Given information:
━━━━━━━━
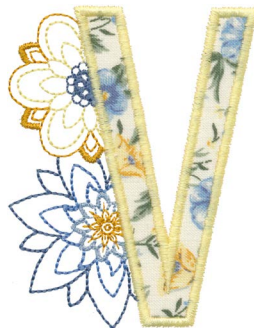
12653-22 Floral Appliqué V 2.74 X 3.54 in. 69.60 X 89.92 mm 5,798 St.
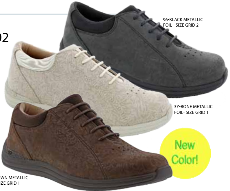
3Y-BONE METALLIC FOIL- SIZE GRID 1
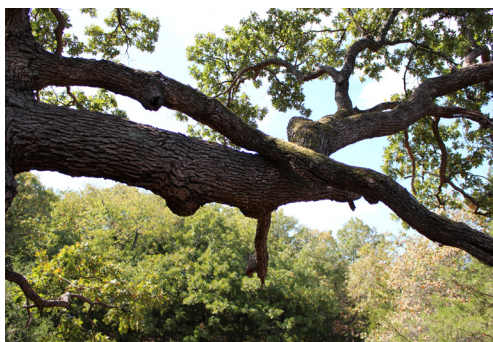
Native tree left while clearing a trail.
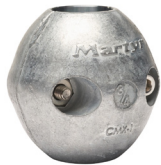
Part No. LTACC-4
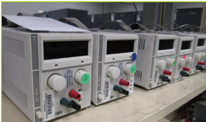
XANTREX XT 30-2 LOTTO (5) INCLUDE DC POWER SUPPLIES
━━━━━━━━
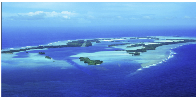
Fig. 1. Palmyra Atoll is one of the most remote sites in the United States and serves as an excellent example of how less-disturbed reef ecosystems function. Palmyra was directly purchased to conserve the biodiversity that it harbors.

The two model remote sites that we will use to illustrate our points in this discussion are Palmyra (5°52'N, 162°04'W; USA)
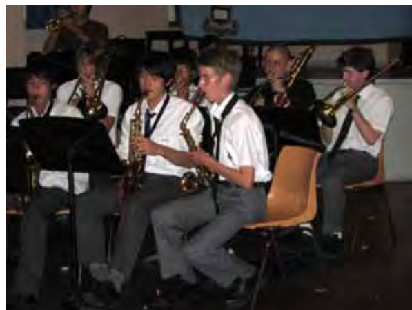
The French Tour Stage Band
━━━━━━━━
What needs to be done:
Only one stretch of the material above is wanted: the line containing "Native tree left while clearing a trail." through the line containing "XANTREX XT 30-2". Restate it word for word, minus the pictures.

Problem solution:
Native tree left while clearing a trail.
Part No. LTACC-4
XANTREX XT 30-2 LOTTO (5) INCLUDE DC POWER SUPPLIES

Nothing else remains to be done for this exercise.